[Records from a dataset]
--- --- ---

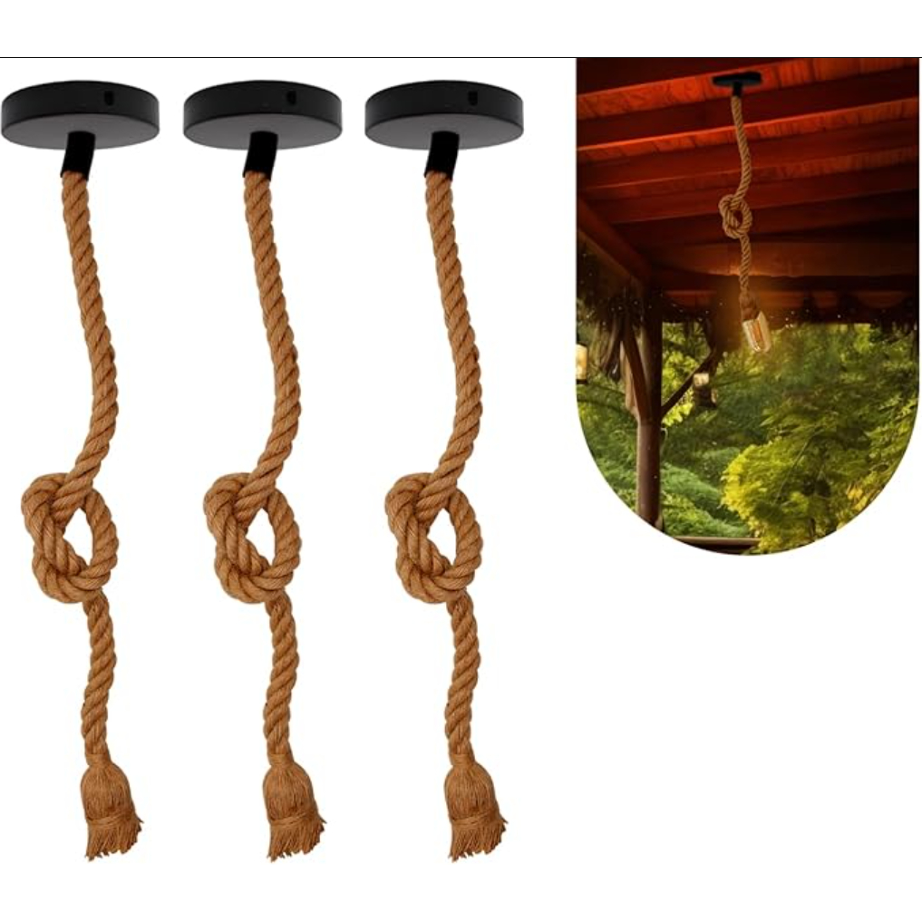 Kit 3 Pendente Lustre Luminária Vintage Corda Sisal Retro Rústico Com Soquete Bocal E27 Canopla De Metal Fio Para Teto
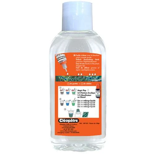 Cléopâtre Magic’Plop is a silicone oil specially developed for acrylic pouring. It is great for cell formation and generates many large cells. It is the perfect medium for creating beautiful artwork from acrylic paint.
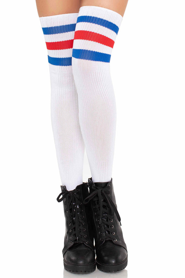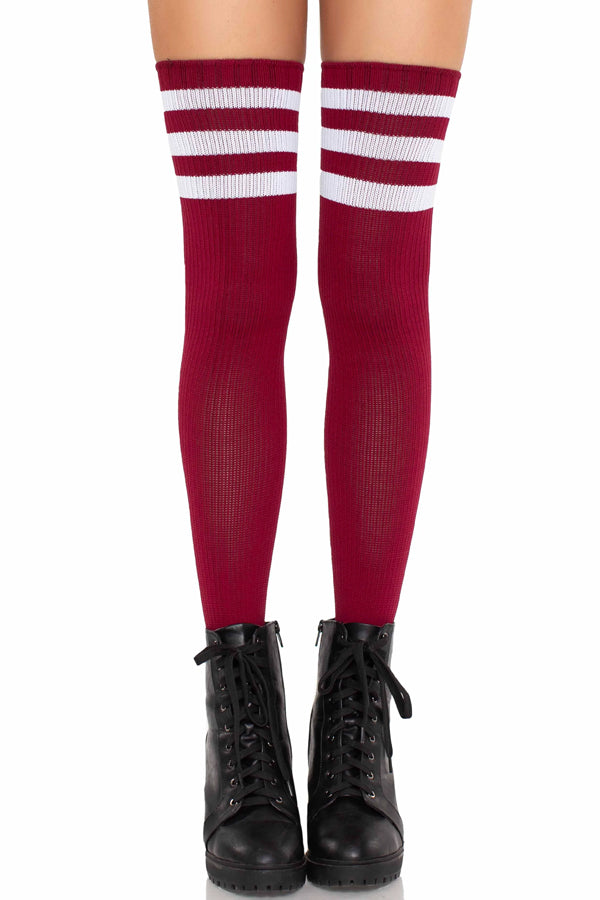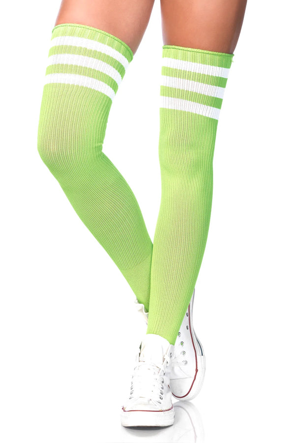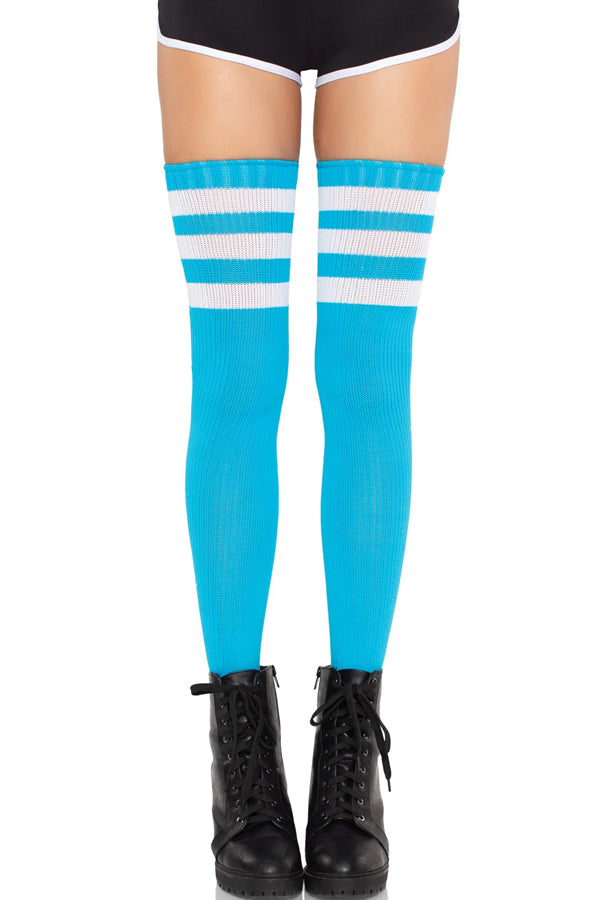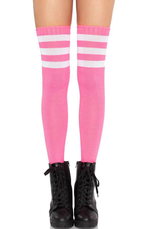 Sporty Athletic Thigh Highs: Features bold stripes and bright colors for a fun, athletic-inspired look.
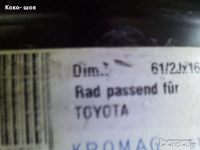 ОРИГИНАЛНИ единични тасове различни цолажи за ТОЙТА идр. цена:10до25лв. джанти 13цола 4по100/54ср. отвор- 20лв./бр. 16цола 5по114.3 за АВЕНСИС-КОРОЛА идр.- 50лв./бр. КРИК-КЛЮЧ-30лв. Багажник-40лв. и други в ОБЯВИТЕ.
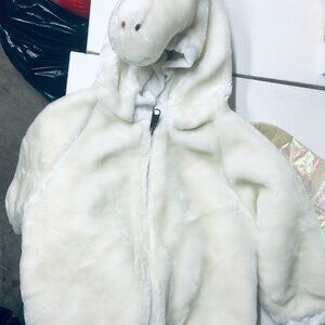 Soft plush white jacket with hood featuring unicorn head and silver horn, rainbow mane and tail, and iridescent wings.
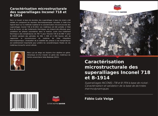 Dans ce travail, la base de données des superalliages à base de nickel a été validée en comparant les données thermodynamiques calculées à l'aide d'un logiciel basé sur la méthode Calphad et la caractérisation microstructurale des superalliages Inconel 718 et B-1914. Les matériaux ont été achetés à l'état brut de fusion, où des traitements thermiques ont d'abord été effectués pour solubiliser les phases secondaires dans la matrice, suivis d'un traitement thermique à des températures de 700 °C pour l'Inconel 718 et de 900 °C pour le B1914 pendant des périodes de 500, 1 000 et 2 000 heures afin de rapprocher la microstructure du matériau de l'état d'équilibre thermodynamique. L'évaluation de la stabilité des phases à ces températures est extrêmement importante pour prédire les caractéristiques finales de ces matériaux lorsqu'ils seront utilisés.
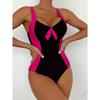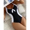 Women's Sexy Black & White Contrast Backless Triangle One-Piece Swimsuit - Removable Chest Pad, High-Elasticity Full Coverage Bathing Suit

--- --- ---

__PROBLEM STATEMENT__.
Retype the records verbatim, but not their images.

__SOLVED PROBLEM__.
 Kit 3 Pendente Lustre Luminária Vintage Corda Sisal Retro Rústico Com Soquete Bocal E27 Canopla De Metal Fio Para Teto
 Cléopâtre Magic’Plop is a silicone oil specially developed for acrylic pouring. It is great for cell formation and generates many large cells. It is the perfect medium for creating beautiful artwork from acrylic paint.
 Sporty Athletic Thigh Highs: Features bold stripes and bright colors for a fun, athletic-inspired look.
 ОРИГИНАЛНИ единични тасове различни цолажи за ТОЙТА идр. цена:10до25лв. джанти 13цола 4по100/54ср. отвор- 20лв./бр. 16цола 5по114.3 за АВЕНСИС-КОРОЛА идр.- 50лв./бр. КРИК-КЛЮЧ-30лв. Багажник-40лв. и други в ОБЯВИТЕ.
 Soft plush white jacket with hood featuring unicorn head and silver horn, rainbow mane and tail, and iridescent wings.
 Dans ce travail, la base de données des superalliages à base de nickel a été validée en comparant les données thermodynamiques calculées à l'aide d'un logiciel basé sur la méthode Calphad et la caractérisation microstructurale des superalliages Inconel 718 et B-1914. Les matériaux ont été achetés à l'état brut de fusion, où des traitements thermiques ont d'abord été effectués pour solubiliser les phases secondaires dans la matrice, suivis d'un traitement thermique à des températures de 700 °C pour l'Inconel 718 et de 900 °C pour le B1914 pendant des périodes de 500, 1 000 et 2 000 heures afin de rapprocher la microstructure du matériau de l'état d'équilibre thermodynamique. L'évaluation de la stabilité des phases à ces températures est extrêmement importante pour prédire les caractéristiques finales de ces matériaux lorsqu'ils seront utilisés.
 Women's Sexy Black & White Contrast Backless Triangle One-Piece Swimsuit - Removable Chest Pad, High-Elasticity Full Coverage Bathing Suit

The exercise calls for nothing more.